3

2 0 0
                                    

Wbiegłam do mieszkania z płaczem. Mama już o wszystkim wiedziała. Podczas tego jak z Charlim bawiliśmy się na podwórku, odwiedziła nas jego rodzicielka.
Przytuliłam się do mamy najmocniej, jak tylko mogłam. Płakałam, a ona tłumaczyła mi, że będzie przyjeżdżał co jakiś czas. Nie pocieszało mnie to. Chciałam, żeby ciągle był przy mnie.
Był moim kochanym przyjacielem.

Wstałam wcześnie rano, aby zdążyć pożegnać się z Charlim. Podeszłam do okna i zobaczyłam jego babcię pakującą coś do samochodu. Razem z mamą wyszłam przed blok. Stała już tam jego mama, babcia i mój Charlie. Podbiegłam do niego objęłam mocno ściskając.
-nigdzie nie jedziesz! Nie puszczę cię!
Zaniosłam się w płacz. Nie mogłam przestać. Nie chciałam go stracić.
-ja też nie chcę odjeżdżać, ale muszę -mówił z chrypką
-będziesz do mnie dzwonił?
-oczywiście! Ty też możesz dzwonić kiedy tylko zechcesz!
Mój kochany Charlie.
Jego babcia podeszła do nas i powiedziała mu, żeby wsiadł do samochodu. Mama już na niego czekała.

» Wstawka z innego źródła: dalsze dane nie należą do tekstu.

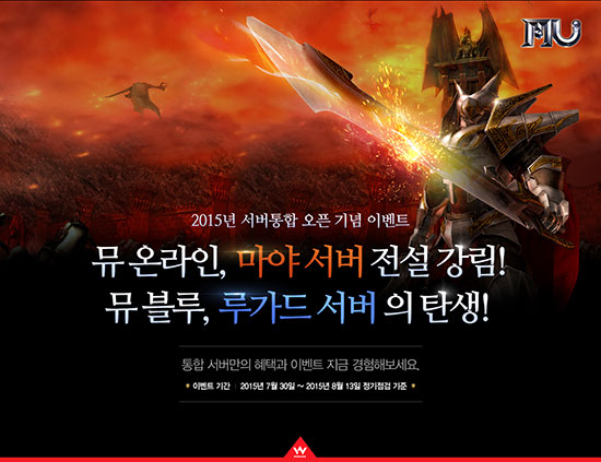 À¥Á¨(´ëÇ¥ ±èÅ¿µ, http://company.webzen.co.kr)ÀÌ MMORPG ¡®¹Â ¿Â¶óÀΡ¯ÀÇ ÀϺΠ¼¹ö¸¦ °³ÆíÇϰí ȸ¿ø À¯Ä¡¿¡ ³ª¼¹´Ù. À¥Á¨Àº ¾îÁ¦(7¿ù 30ÀÏ), ¡®¹Â ·¹µå¡¯ÀÇ ¼¹ö Áß 4°³ ¼¹ö¸¦ ¡®¸¶¾ß¡¯·Î, ¡®¹Â ºí·ç¡¯ÀÇ 2°³ ¼¹ö¸¦ ¡®·ç°¡µå¡¯·Î ÅëÇÕÇϰí ÇØ´ç ¼¹ö·Î ȸ¿øµéÀ» À¯Ä¡Çϱâ À§ÇÑ °³Æí ¼¹ö ´ë»ó ÇÑÁ¤ À̺¥Æ®¸¦ ½ÃÀÛÇß´Ù. À̹ø À̺¥Æ®´Â 8¿ù 13ÀϱîÁö ÅëÇÕ ¼¹öÀÎ ¡®¸¶¾ß¡¯¿Í ¡®·ç°¡µå¡¯¿¡ ÇÑÁ¤ÀûÀ¸·Î ÁøÇàµÇ¸ç, °³ÆíµÇÁö ¾ÊÀº ¼¹ö¿¡¼´Â À̺¥Æ®°¡ Àû¿ëµÇÁö ¾Ê´Â´Ù. ÇØ´ç±â°£ ¡®¸¶¾ß¡¯¿Í ¡®·ç°¡µå¡¯¿¡¼´Â °æÇèÄ¡ 30% »ó½Â°ú ¸ó½ºÅÍ Ã¼·Â 20% °¨¼Ò°¡ Àû¿ëµÇ°í, ±â°£ ³»¿¡ 30¸í ÀÌ»óÀÇ ±æµå¿øÀ» ¸ðÀº ±æµåµéÀ» ´ë»óÀ¸·Î Ãß÷À» °ÅÃÄ ¡®¹Â ij½Ã¡¯¸¦ ¼±¹°ÇÑ´Ù. ¶ÇÇÑ, °°Àº ±â°£ Áß ¸ÅÀÏ ¹ã 8½Ã~10½Ã »çÀÌ¿¡´Â µ¥ºñ¾Æ½º, Ÿ¸£Ä µî 5°³ Áö¿ª¿¡¼ ÁøÈ ¸ó½ºÅÍ ¡®¿¡º¸¸ó¡¯ÀÌ ÃâÇöÇÑ´Ù. '¿¡º¸¸ó'Àº Á¦Çѽ𣠵¿¾È »ç³É¿¡ ¼º°øÇÒ ¶§¸¶´Ù ÀÏÁ¤È®·ü·Î ¸ó½ºÅÍ ·¹º§¼ºÀåÀ» °ÅµìÇÏ´Â ¸ó½ºÅÍ·Î, ¸ó½ºÅÍ·¹º§ÀÌ ³ô¾ÆÁú ¼ö·Ï »ç³É ÈÄ °í±Þ ¾ÆÀÌÅÛÀ» ¾òÀ» ¼ö ÀÖ´Â À̺¥Æ® ¸ó½ºÅÍÀÌ´Ù. À̿ܿ¡µµ ¡®¹Â ·¹µå¡¯ÀÇ ¡®¸¶¾ß¡¯ ¼¹ö¿¡¼´Â ÅëÇÕ ÈÄ ¿¸®´Â ù °ø¼ºÀü¿¡¼ ½Â¸®ÇÑ ÃÊ´ë ¼ºÁÖ¿¡°Ô ¡®Àý´ë¹«±â¡¯¸¦ Ãß°¡·Î 1°³ ´õ Áö±ÞÇÏ´Â ¡®¸¶¾ß¡¯¼¹ö ÇÑÁ¤À̺¥Æ®µµ ÁغñµÅ ÀÖ´Ù. °ø¼ºÀü ÁøÇà ÀÏÁ¤Àº º°µµ °øÁöµÈ´Ù. ÇÑÆí, À¥Á¨Àº ¼¹ö °³Æí¿¡ µû¸¥ ȸ¿øµéÀÇ ºÒÆíÀ» ÃÖ¼ÒÈÇϱâ À§ÇØ ¾ÕÀ¸·Î 1³â°£ ȨÆäÀÌÁö ³» ¡®ÅëÇÕ ½Å°í¡¯ ÆäÀÌÁö¸¦ ¿î¿µÇÏ¸é¼ °³Æí ´ë»ó ¼¹öµéÀÇ Ä³¸¯ÅÍ ¹× ¾ÆÀÌÅÛ º¹±¸ ½ÅûÀ» Á¢¼ö ¹ÞÀ» ¿¹Á¤ÀÌ´Ù. À¥Á¨ÀÇ ´ëÇ¥ MMORPG ¡®¹Â ¿Â¶óÀΡ¯°ú ¡®¹Â ºí·ç¡¯¿¡ ´ëÇÑ º¸´Ù ÀÚ¼¼ÇÑ Á¤º¸¿Í À̺¥Æ® ¼Ò½ÄÀº °ø½Ä ȨÆäÀÌÁö (http://www.muonline.co.kr, http://blue.muonline.co.kr) ¿¡¼ È®ÀÎÇÒ ¼ö ÀÖ´Ù.

Nigdy nie przepadałam za jego babcią, potrafiła być bardzo oschła. Mamę natomiast miał wyrozumiałą i miłą. Była dzielną kobietą, tata Charliego zostawił ją jak tylko zaszła w ciążę. Przeszła dość dużo i dawała radę. Podziwiałam ją.

Chłopiec przytulił mnie, następnie pobiegł do samochodu. Machał mi do samego końca, aż auto zniknęło za zakrętem.
Żegnaj Charlie.

Przez kilka następnych dni nie wychodziłam na dwór. Nie miałam humoru do zabawy ani niczego innego. Cały czas siedziałam w czterech ścianach. Pare razy rozmawiałam z Charlim przez telefon. Miał przyjeżdżać co tydzień. Później już nie dzwoniłam, wiedziałam, że na pewno znalazł nowych przyjaciół. Nie chciałam się narzucać.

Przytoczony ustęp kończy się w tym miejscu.